• [Task item]: What lines of the material hold the string "this"? Pull each of them out.

• [Dataset excerpts]:
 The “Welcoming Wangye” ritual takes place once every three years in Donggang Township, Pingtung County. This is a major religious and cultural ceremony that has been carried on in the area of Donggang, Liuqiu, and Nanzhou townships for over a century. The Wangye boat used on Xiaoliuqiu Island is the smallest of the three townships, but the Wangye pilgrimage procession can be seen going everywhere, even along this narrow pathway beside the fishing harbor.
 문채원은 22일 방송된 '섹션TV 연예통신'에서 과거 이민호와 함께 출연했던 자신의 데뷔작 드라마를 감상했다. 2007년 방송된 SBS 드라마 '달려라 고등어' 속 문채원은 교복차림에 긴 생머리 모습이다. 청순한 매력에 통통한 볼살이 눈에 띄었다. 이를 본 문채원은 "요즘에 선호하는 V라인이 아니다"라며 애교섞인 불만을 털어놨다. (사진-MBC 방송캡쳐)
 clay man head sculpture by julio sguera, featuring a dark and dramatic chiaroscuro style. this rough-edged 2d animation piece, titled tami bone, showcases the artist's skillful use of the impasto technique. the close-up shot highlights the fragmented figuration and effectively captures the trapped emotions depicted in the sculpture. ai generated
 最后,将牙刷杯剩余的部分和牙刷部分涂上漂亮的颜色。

==

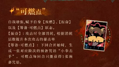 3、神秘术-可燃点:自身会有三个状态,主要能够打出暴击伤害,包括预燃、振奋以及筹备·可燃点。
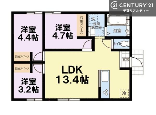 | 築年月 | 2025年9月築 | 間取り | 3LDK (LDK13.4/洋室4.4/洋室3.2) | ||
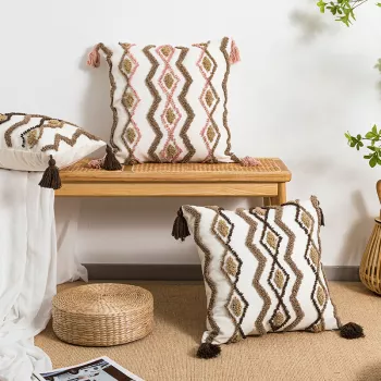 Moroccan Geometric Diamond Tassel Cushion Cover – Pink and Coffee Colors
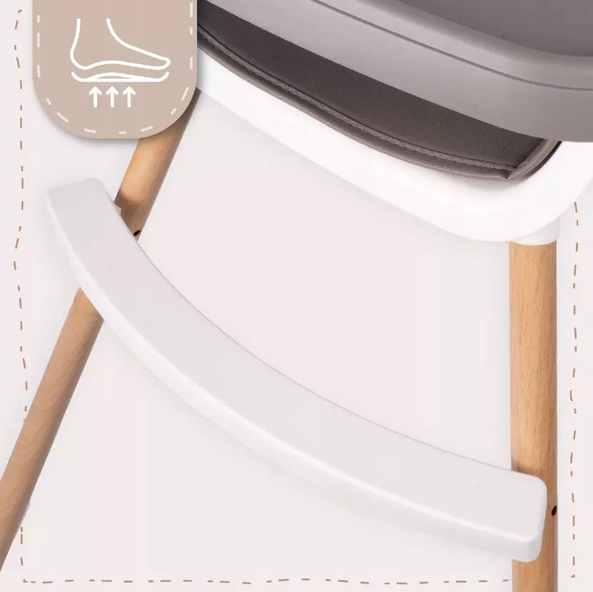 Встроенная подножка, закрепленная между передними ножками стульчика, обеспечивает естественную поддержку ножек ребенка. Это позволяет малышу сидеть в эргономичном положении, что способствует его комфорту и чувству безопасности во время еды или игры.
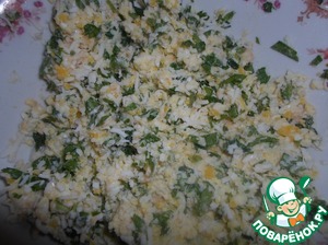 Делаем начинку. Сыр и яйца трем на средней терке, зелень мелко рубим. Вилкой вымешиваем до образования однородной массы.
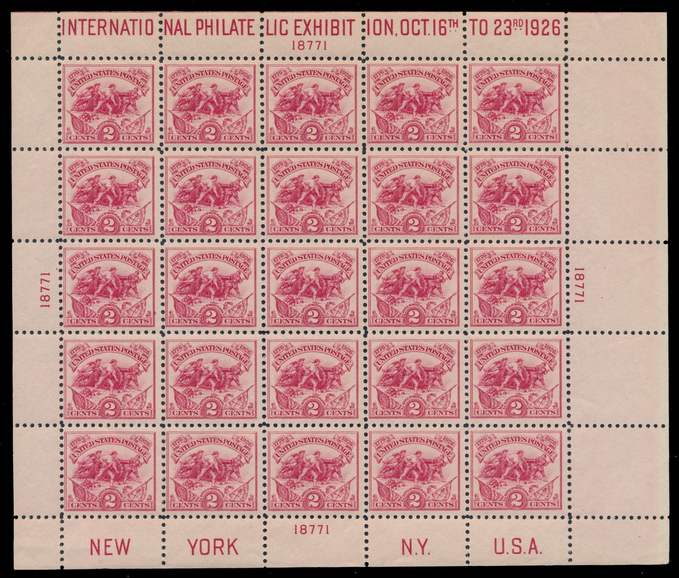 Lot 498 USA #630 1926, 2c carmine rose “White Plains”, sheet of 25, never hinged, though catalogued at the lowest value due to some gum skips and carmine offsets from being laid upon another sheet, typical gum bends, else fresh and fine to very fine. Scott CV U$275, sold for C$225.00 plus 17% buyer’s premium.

---

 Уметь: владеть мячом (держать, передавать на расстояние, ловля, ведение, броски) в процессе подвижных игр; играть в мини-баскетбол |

• [Answer box]:
 The “Welcoming Wangye” ritual takes place once every three years in Donggang Township, Pingtung County. This is a major religious and cultural ceremony that has been carried on in the area of Donggang, Liuqiu, and Nanzhou townships for over a century. The Wangye boat used on Xiaoliuqiu Island is the smallest of the three townships, but the Wangye pilgrimage procession can be seen going everywhere, even along this narrow pathway beside the fishing harbor.
 clay man head sculpture by julio sguera, featuring a dark and dramatic chiaroscuro style. this rough-edged 2d animation piece, titled tami bone, showcases the artist's skillful use of the impasto technique. the close-up shot highlights the fragmented figuration and effectively captures the trapped emotions depicted in the sculpture. ai generated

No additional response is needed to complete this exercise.